» YOUR GOAL:
Restate, exactly as written, the entries below from the line that holds "The Drive-Out Pricing" through the line that holds "Stolica dimenzija 45". Pictures are not part of the copy.

» DATA TO EXAMINE:

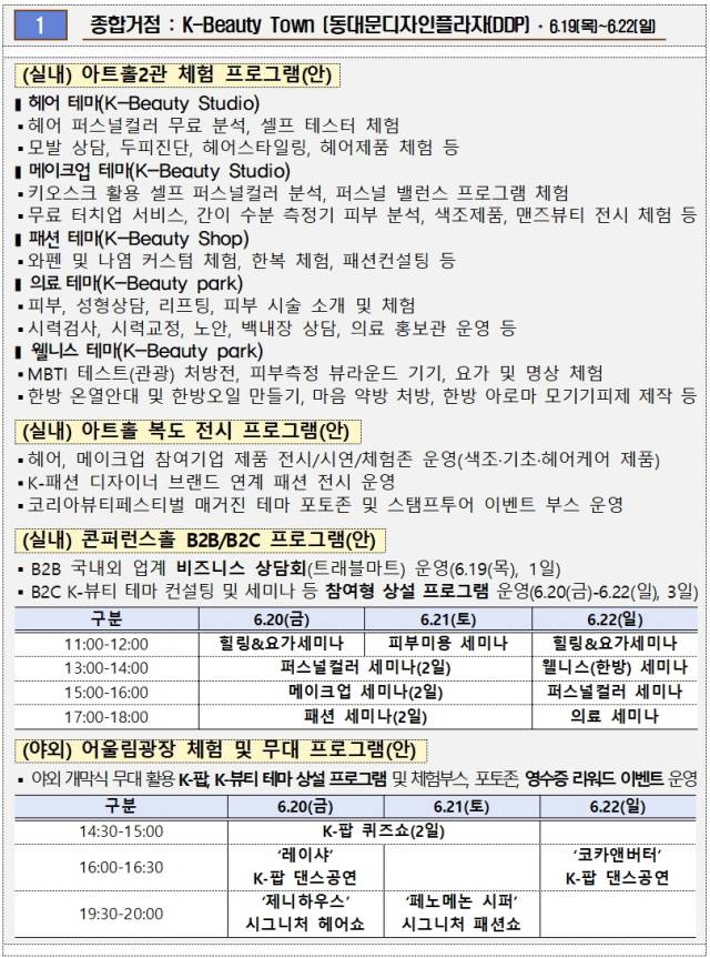 올해는 ‘K뷰티’의 5대 분야인 헤어, 메이크업, 패션, 의료, 웰니스 관광콘텐츠를 종합적으로 체험할 수 있는 종합거점 ‘K뷰티 타운’을 6월 19~22일 서울 동대문디자인플라자(DDP) 실내외 아트홀과 어울림광장 일대에서 운영한다. 개막식은 19일 오후 7시 DDP 어울림광장에서 개최하며, 개막식에서는 ‘K뷰티’를 주제로 한 뮤지컬 공연과 개막 축하 행사 등 다양한 볼거리를 선사한다.
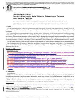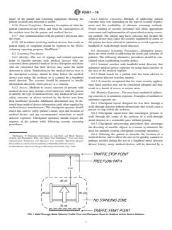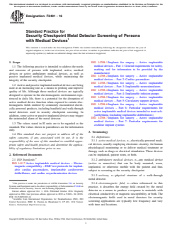 ASTM F2401-16 is a standard published by ASTM International. Its full title is "Standard Practice for Security Checkpoint Metal Detector Screening of Persons with Medical Devices". This standard covers: SIGNIFICANCE AND USE 5.1 This practice is intended to be used as a guide for the design, configuration, and operation of security checkpoints to minimize exposure of ambulatory medical devices to the electromagnetic fields emitted by metal detector security systems. Guidance is presented for signage and information to help identify persons with ambulatory medical devices and process them through the security checkpoint. 5.2 This practice is intended to help in the training of checkpoint screeners to address the concerns of persons with ambulatory medical devices and to respond to their needs. 5.3 This practice is intended to aid the medical community in advising medical device users who may be affected to identify themselves at security checkpoints so their concerns may be addressed. 5.4 This practice is intended to aid medical device manufacturers to provide consistent information for medical device users, patients, and checkpoint screeners. SCOPE 1.1 The following practice is intended to address the needs and concerns of persons with implanted, active, medical devices or active ambulatory medical devices, as well as passive implanted medical devices, while maintaining the integrity of the security checkpoint. 1.2 Active and passive implanted medical devices are being used at an increasing rate as a means to prolong and improve quality of life. Although these medical devices are typically designed to operate in the electromagnetic environment experienced in daily life, there is a potential for the disruption of active medical device function when exposed to certain electromagnetic fields emitted by commonly encountered electrically powered products, including handheld and walk-through metal detectors used in security checkpoint screening. In addition, some active or passive implanted devices may trigger the unintended alarm of the metal detector. 1.3 The values stated in SI units are to be regarded as the standard. The values shown in parentheses are for information only. 1.4 This standard does not purport to address all of the safety concerns, if any, associated with its use. It is the responsibility of the user of this standard to establish appropriate safety and health practices and determine the applicability of regulatory limitations prior to use.
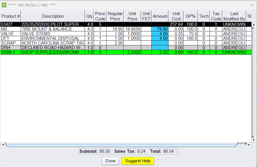 The Drive-Out Pricing tab within the Inventory Lookup helps speed up and simplify tire sales by offering consistent, package-based pricing, allowing staff to quickly quote, adjust, and sell tires, all from one screen.
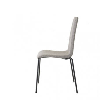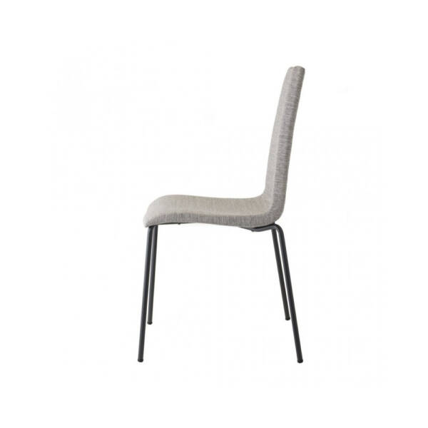 Stolica dimenzija 45 x 52 x 90 cm (ŠxDxV) sa 4 metalne noge u antracit boji i tapacirana u sivi štof.
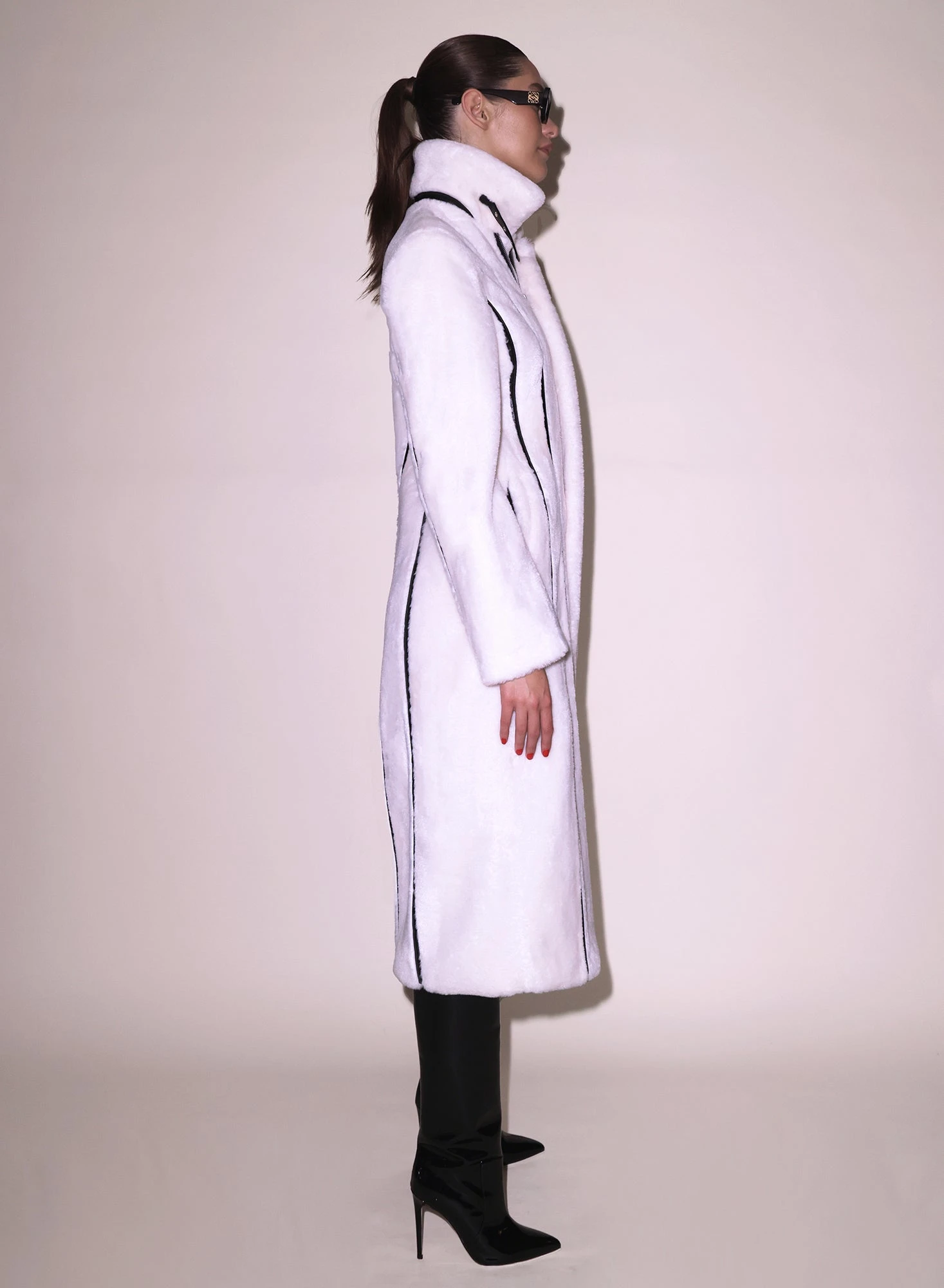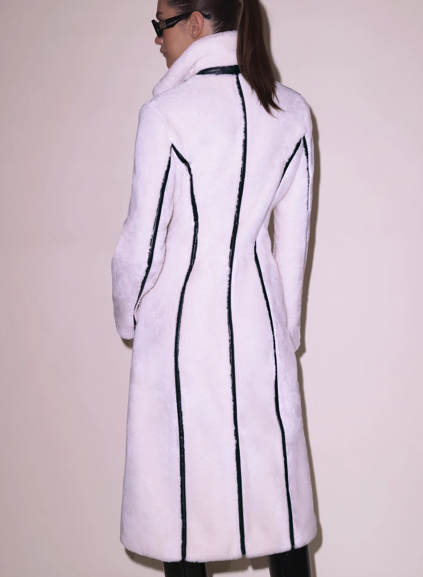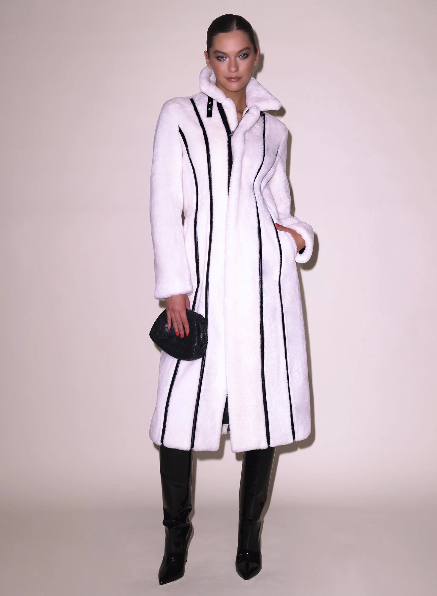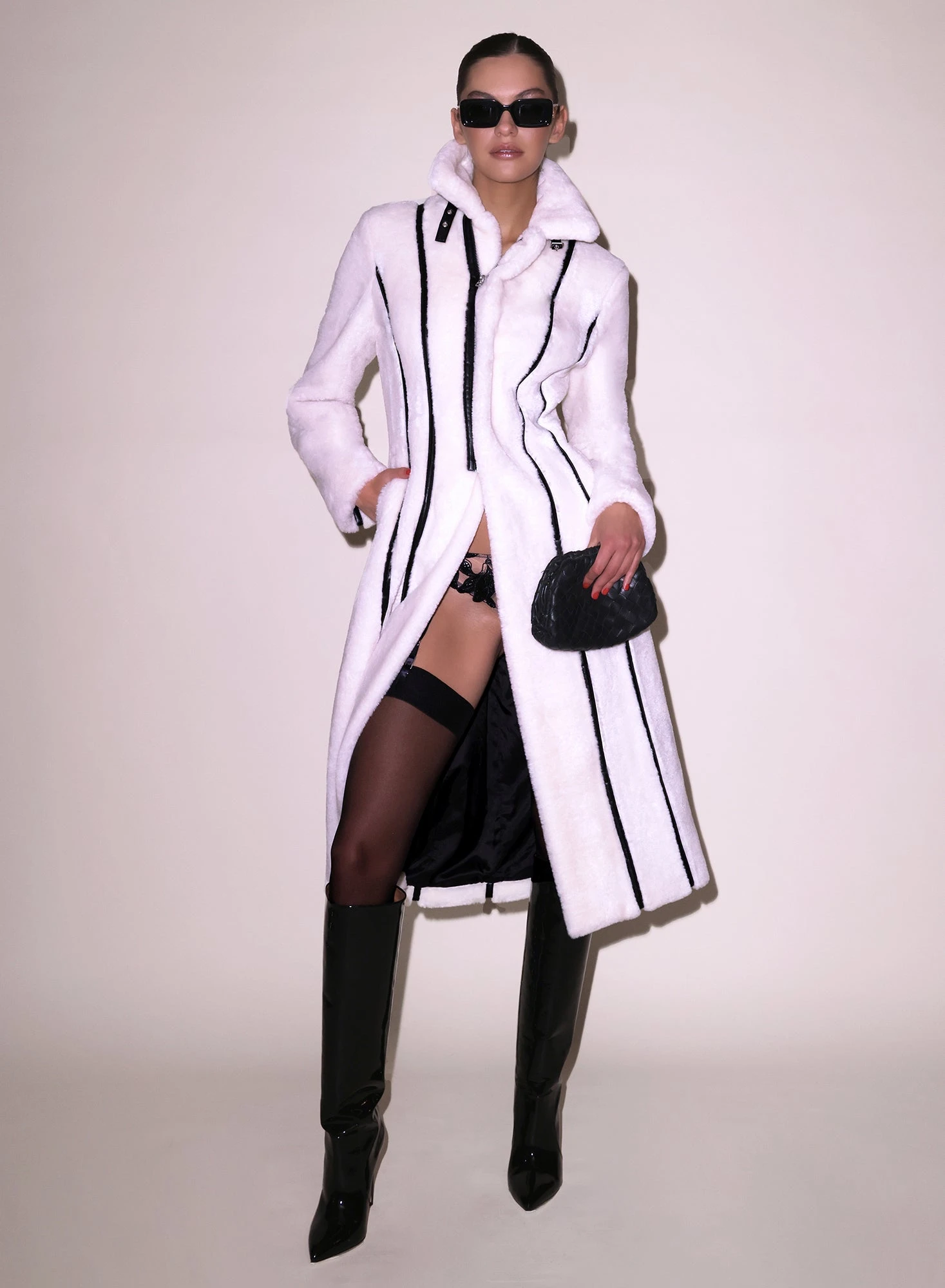 Faux real. The Diana Faux Shearling is an essential piece you will wear over everything (or nothing) this season. Features vegan leather piping down with tapered waist and ultra flattering hourglass shaping seams. Center front zip with adjustable belt closure at neck. Lined. Surprise someone late night with the Lily Embroidery Garter and Thong.

» RESULT OF THIS EXERCISE:
 The Drive-Out Pricing tab within the Inventory Lookup helps speed up and simplify tire sales by offering consistent, package-based pricing, allowing staff to quickly quote, adjust, and sell tires, all from one screen.
 Stolica dimenzija 45 x 52 x 90 cm (ŠxDxV) sa 4 metalne noge u antracit boji i tapacirana u sivi štof.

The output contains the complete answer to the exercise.